AN INTELLIGENT SYSTEM FOR DISH-LEVEL DIET PLANNING BASED ON AN OPTIMIZATION MODEL
DOI:
https://doi.org/10.20998/2079-0023.2026.01.01Keywords:
Nutrition planning, diet, dish-level model, decision support system, multicriteria optimization, hybrid AI systems, recommendation systemsAbstract
The paper addresses the problem of developing intelligent systems for personalized nutrition planning. Modern research in this field demonstrates a transition from classical formal diet models to hybrid architectures that combine two methodological paradigms: knowledge-driven and data-driven approaches. However, there is some methodological gap between them. Knowledge-driven models provide mathematical rigor and guarantee the satisfaction of nutritional and resource constraints, but they are usually limited in adaptability and personalization. In contrast, data-driven approaches, including modern generative models, demonstrate high flexibility and the ability to incorporate behavioral data, yet they do not provide formal guarantees of optimality and constraint satisfaction. This contradiction motivates the development of an integrated intelligent nutrition planning system that combines the advantages of both approaches. The objective of this study is to develop an intelligent dish-level nutrition planning system whose core is a formalized multicriteria diet optimization model. Unlike the classical diet problem, where optimization is performed over individual food products, the proposed approach models nutrition at the level of complete dishes, which improves the practical feasibility, interpretability, and usability of the resulting dietary plans.
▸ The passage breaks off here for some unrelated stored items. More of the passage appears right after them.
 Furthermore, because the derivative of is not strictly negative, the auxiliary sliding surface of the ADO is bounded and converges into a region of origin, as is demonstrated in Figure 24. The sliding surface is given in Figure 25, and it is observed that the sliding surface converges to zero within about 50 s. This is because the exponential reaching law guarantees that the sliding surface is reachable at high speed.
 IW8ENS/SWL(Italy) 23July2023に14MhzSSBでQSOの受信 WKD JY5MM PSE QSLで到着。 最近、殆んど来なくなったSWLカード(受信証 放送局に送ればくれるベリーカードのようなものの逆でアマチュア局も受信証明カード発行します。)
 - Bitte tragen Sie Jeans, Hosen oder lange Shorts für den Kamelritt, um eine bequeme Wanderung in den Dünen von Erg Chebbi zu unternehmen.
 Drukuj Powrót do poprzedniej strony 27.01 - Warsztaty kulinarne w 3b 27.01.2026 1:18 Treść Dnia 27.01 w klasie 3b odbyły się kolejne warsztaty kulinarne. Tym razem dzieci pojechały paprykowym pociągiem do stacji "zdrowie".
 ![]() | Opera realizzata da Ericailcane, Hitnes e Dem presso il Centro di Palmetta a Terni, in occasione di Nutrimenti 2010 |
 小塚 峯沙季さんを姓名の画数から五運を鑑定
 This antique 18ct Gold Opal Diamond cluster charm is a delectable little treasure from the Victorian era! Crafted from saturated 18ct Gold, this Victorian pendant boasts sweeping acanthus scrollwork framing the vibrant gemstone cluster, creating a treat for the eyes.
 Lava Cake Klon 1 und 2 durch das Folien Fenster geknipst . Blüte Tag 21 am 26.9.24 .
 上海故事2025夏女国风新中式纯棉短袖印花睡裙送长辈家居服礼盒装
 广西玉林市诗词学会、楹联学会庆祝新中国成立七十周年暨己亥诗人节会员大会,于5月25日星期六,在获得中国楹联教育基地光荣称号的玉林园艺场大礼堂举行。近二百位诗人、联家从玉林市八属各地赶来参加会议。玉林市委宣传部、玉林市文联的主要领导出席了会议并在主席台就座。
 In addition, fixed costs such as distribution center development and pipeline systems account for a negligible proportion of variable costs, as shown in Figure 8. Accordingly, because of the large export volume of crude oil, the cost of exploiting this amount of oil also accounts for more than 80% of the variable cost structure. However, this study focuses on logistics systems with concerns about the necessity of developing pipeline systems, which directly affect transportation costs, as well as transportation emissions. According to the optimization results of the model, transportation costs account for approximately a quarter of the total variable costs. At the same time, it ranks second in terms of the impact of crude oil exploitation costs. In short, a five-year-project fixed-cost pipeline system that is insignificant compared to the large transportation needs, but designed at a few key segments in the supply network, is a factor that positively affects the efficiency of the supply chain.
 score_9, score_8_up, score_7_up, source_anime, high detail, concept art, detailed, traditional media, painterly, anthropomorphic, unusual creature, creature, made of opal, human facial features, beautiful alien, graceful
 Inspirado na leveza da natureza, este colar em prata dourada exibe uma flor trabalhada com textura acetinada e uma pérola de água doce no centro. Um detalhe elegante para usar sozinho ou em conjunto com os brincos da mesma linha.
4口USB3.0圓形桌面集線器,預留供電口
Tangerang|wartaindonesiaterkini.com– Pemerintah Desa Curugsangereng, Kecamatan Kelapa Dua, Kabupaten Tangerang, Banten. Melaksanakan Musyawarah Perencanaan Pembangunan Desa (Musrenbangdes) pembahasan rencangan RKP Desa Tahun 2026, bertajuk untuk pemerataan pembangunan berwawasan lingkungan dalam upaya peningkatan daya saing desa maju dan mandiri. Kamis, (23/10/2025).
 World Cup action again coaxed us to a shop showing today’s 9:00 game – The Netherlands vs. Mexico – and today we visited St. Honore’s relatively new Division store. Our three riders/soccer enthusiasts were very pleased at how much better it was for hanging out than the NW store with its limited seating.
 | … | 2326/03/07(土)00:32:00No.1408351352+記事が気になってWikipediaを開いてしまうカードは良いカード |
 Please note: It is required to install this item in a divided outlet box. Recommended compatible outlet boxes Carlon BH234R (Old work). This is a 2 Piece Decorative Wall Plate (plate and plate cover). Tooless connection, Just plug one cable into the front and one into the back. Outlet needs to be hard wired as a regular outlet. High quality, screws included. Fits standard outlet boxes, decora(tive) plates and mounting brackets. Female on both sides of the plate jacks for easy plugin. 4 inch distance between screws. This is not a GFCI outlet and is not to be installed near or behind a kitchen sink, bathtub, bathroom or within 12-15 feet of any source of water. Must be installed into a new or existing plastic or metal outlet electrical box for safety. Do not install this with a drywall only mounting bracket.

The mathematical model is formulated as a multicriteria optimization problem in which the decision variables represent the number of dish portions, while constraints reflect nutritional, energetic, logical, and temporal requirements. The proposed model is implemented within a multilayer system architecture consisting of a data layer, an optimization core, an intelligent decision-support layer, and a user interaction layer. The optimization core ensures mathematical correctness and computes optimal solutions, whereas the intelligent layer provides adaptation, personalization, and interpretation of results. The model is further extended to a dynamic form using a rolling planning horizon, allowing the diet plan to be updated as new data and user preferences become available. Computational experiments have demonstrated that changes in criterion weights lead to transitions between several stable optimal meal structures, reflecting the discrete nature of the considered multicriteria optimization problem.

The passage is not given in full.